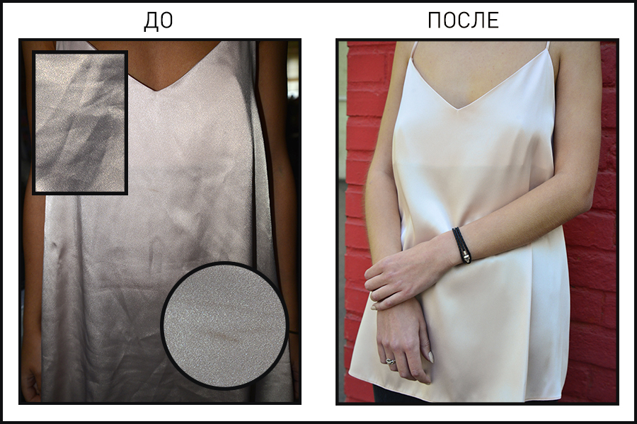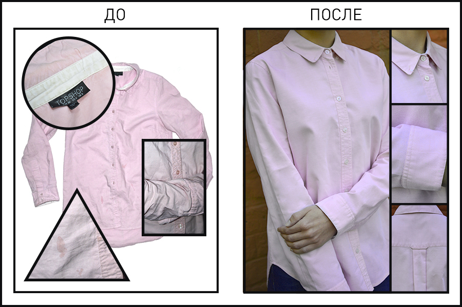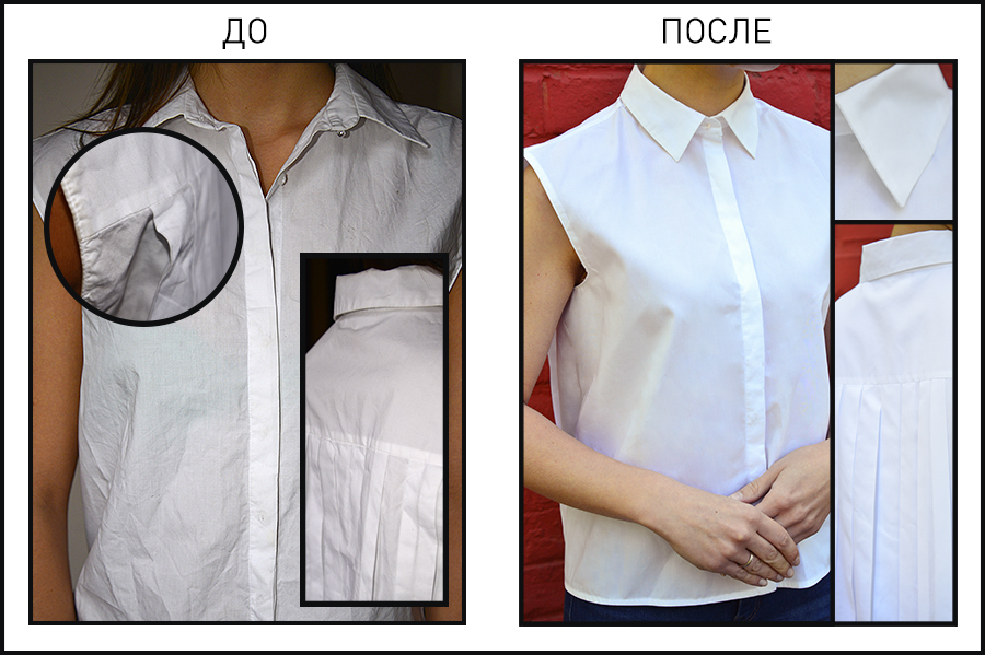Белая рубашка с плиссировкой на спине, которую совершенно невозможно было прогладить в домашних условиях, теперь выглядит идеально.
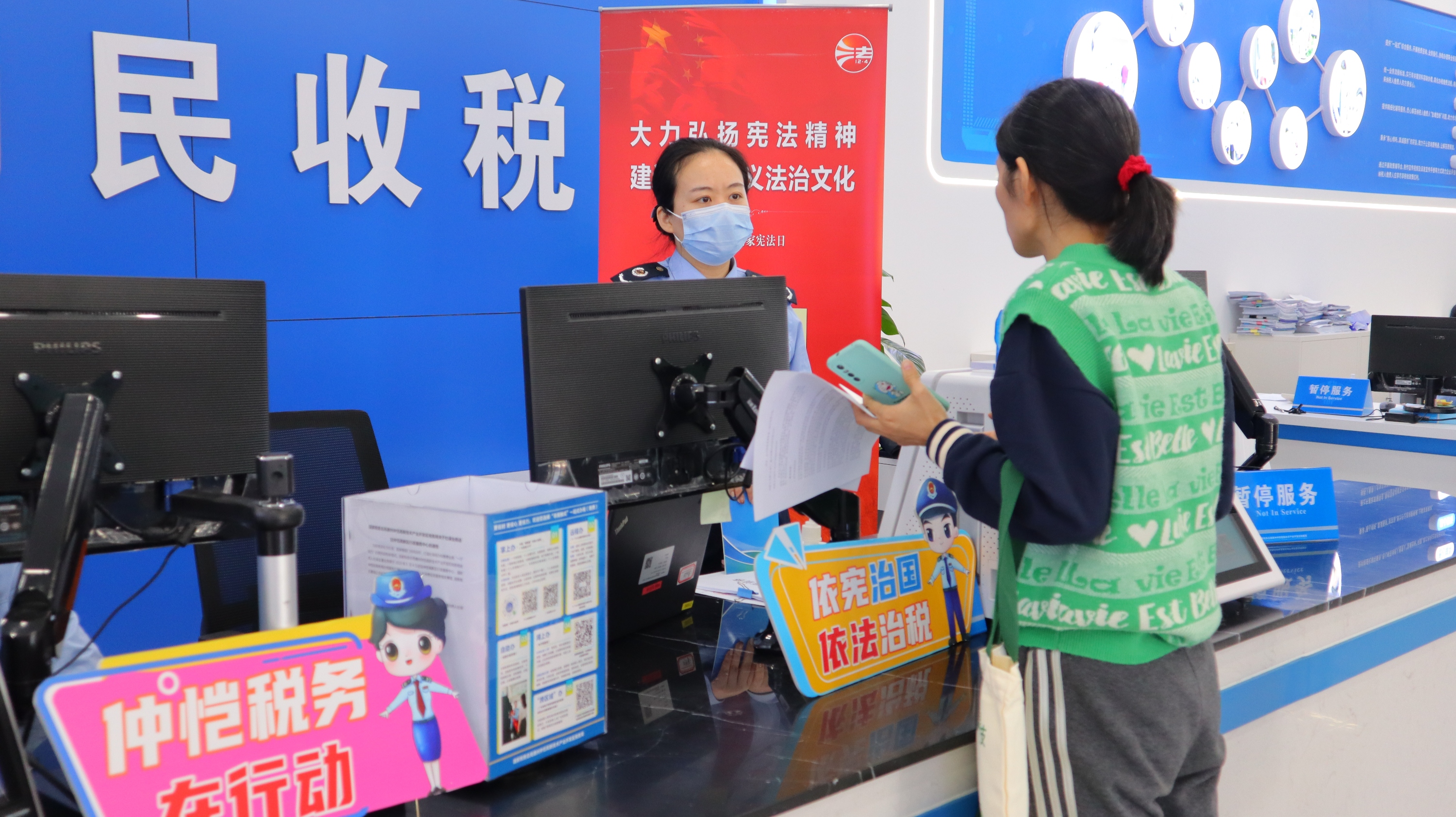 辦稅服務(wù)廳工作人員向納稅人繳費(fèi)人普及憲法。 仲愷區(qū)稅務(wù)局供圖
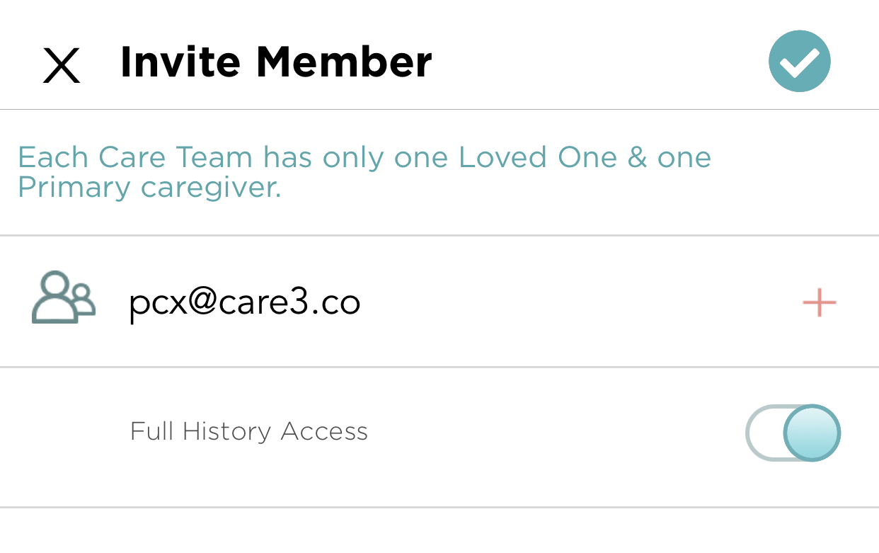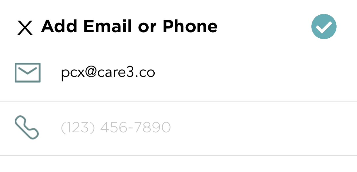5 . Add the person’s email address OR phone number and tap the check mark in the upper right corner.
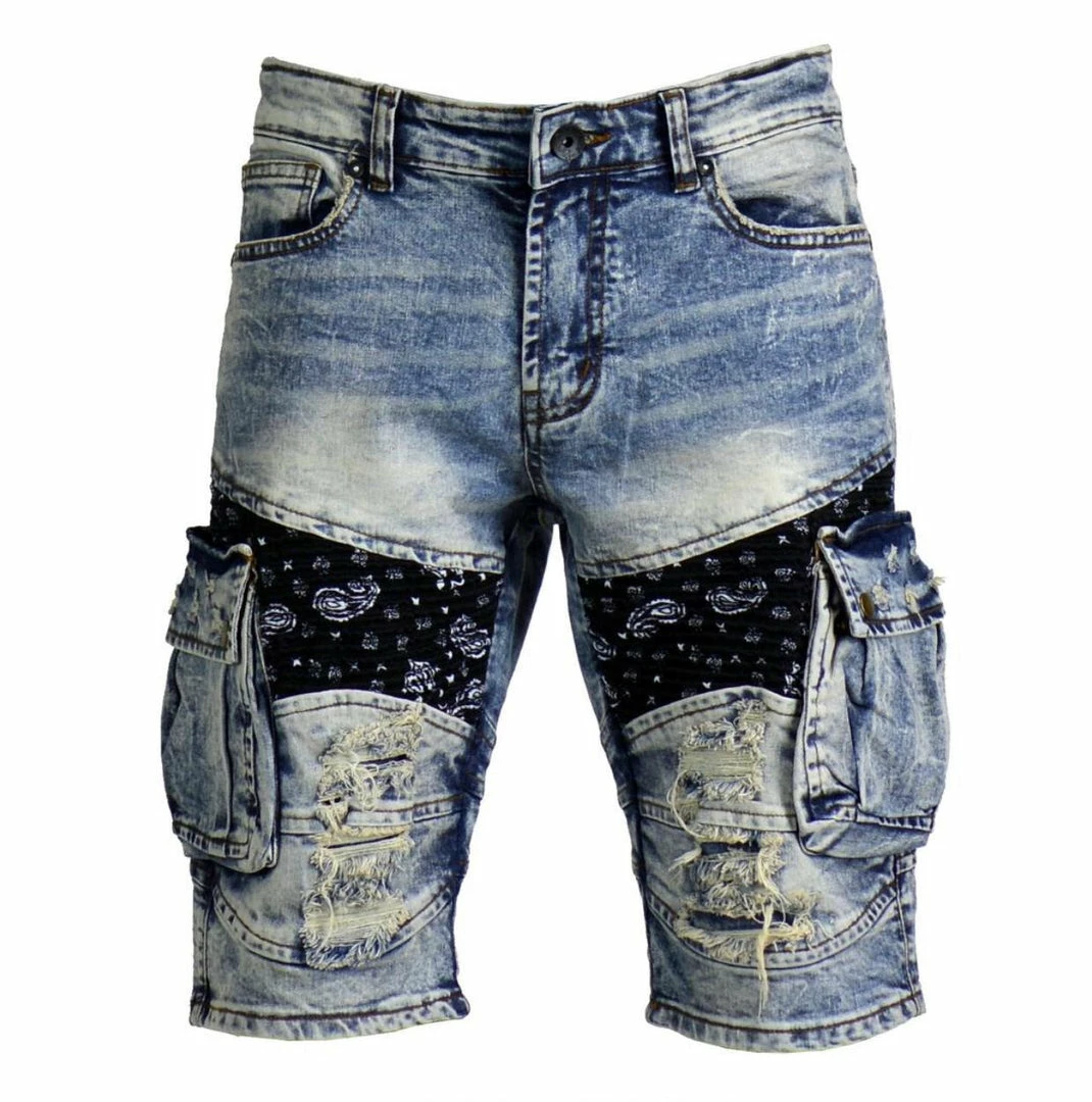 New Arrivals Focus (dark Blue Cut Biker Bandanna Wash Short )
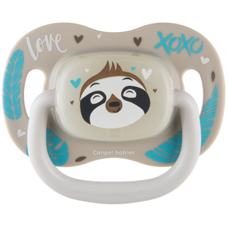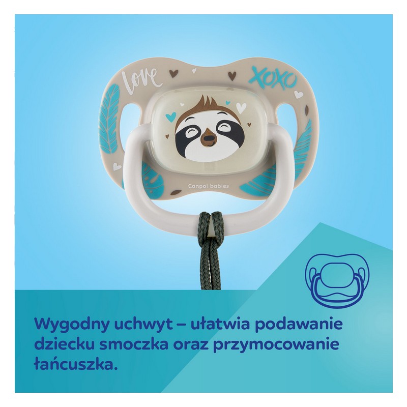 Smoczek uspokajający Exotic Animals zrelaksuje i wyciszy Maluszka. Gumka o symetrycznym kształcie została wykonana z najwyższej jakości, bezpiecznego i delikatnego silikonu, bezzapachowego i bezsmakowego, co ułatwia akceptację smoczka przez dziecko. Otwory wentylacyjne w tarcze zapewniają swobodne oddychanie i połykanie śliny. Specjalnie zaprojektowany kształt tarczki, minimalizuje odciskanie się smoczka na delikatnej buzi dziecka, zapobiegając podrażnieniom. Wygodny uchwyt smoczka pozwala na przymocowanie łańcuszka i ułatwia podanie go dziecku. Świecący w ciemności dysk smoczka ułatwia odnalezienie smoczka nocą. Smoczek symetryczny Canpol babies 18m+ EXOTIC (leniwiec) jest trwały i odporny na odkształcenia. Nie zawiera BPA. Smoczek silikonowy Canpol babies symetryczny 18m+ EXOTIC (leniwiec) jest bezpieczny i łatwy do utrzymania w czystości – można dezynfekować we wrzącej wodzie oraz w sterylizatorze. Smoczek symetryczny dobrze dopasowuje się do buzi dziecka niezależnie od sposobu umieszczenia, a jego kształt uważany jest za najbardziej fizjologiczny i wspierający utrzymanie naturalnego rytmu ssania oraz prawidłowego rozwoju mowy. Smoczek rekomendowany dla dzieci w wieku 18 miesięcy.
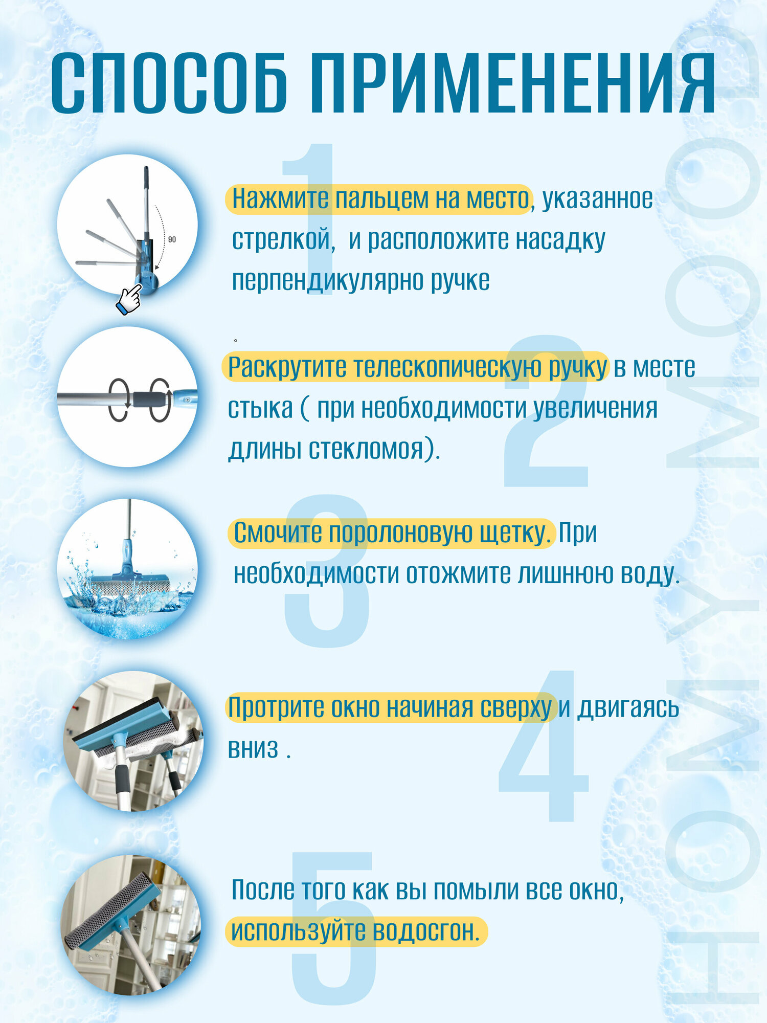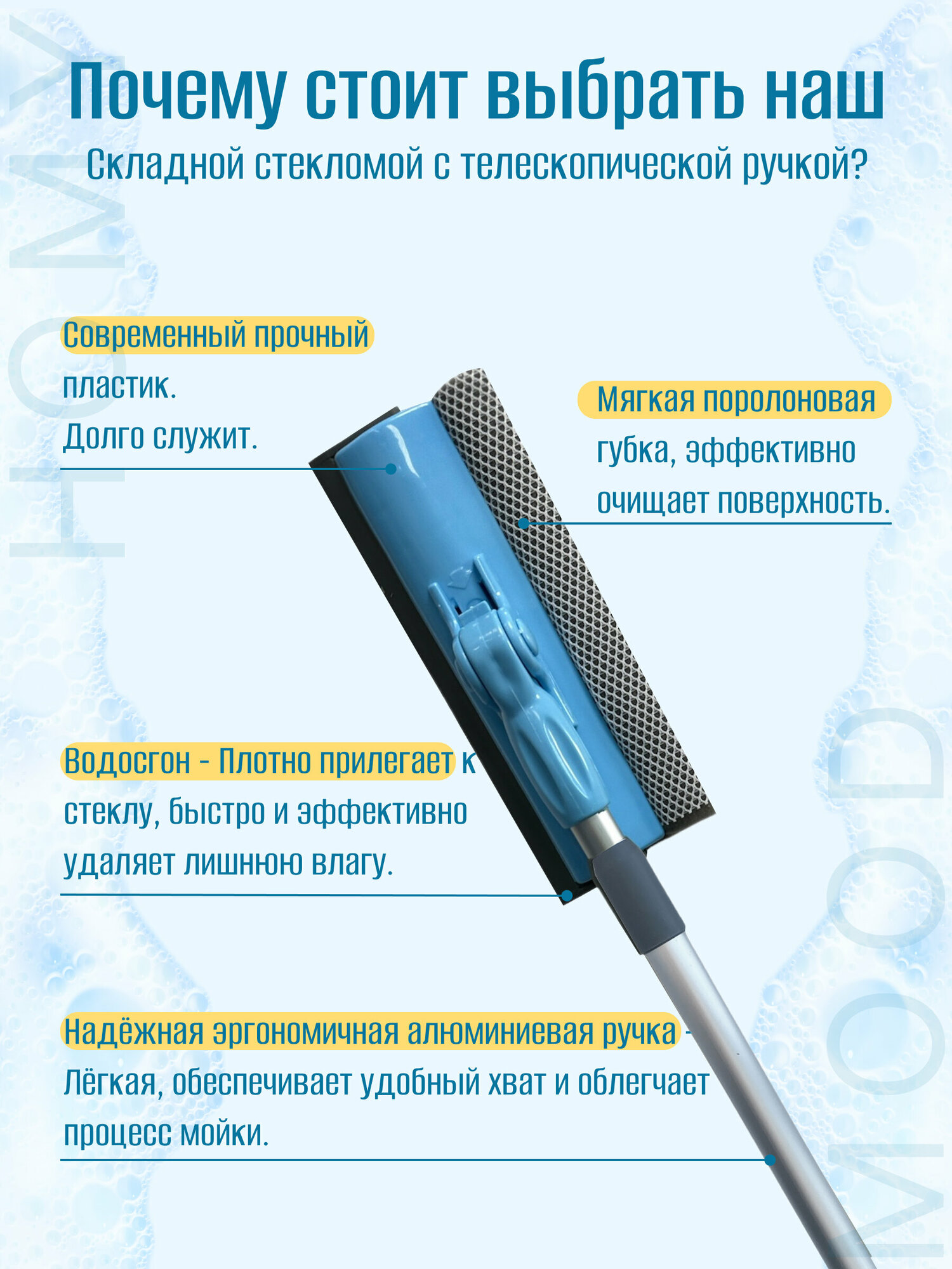 Стекломой Homy Mood складной с телескопической ручкой и водосгоном интересное:

= GOAL OF THE EXERCISE =
Exactly as they appear, please return only the lines from the first line of the records through the line containing "New Arrivals Focus", both included, leaving out all pictures.

= SOLUTION FOR THIS PROBLEM =
Белая рубашка с плиссировкой на спине, которую совершенно невозможно было прогладить в домашних условиях, теперь выглядит идеально.
 辦稅服務(wù)廳工作人員向納稅人繳費(fèi)人普及憲法。 仲愷區(qū)稅務(wù)局供圖
5 . Add the person’s email address OR phone number and tap the check mark in the upper right corner.
 New Arrivals Focus (dark Blue Cut Biker Bandanna Wash Short )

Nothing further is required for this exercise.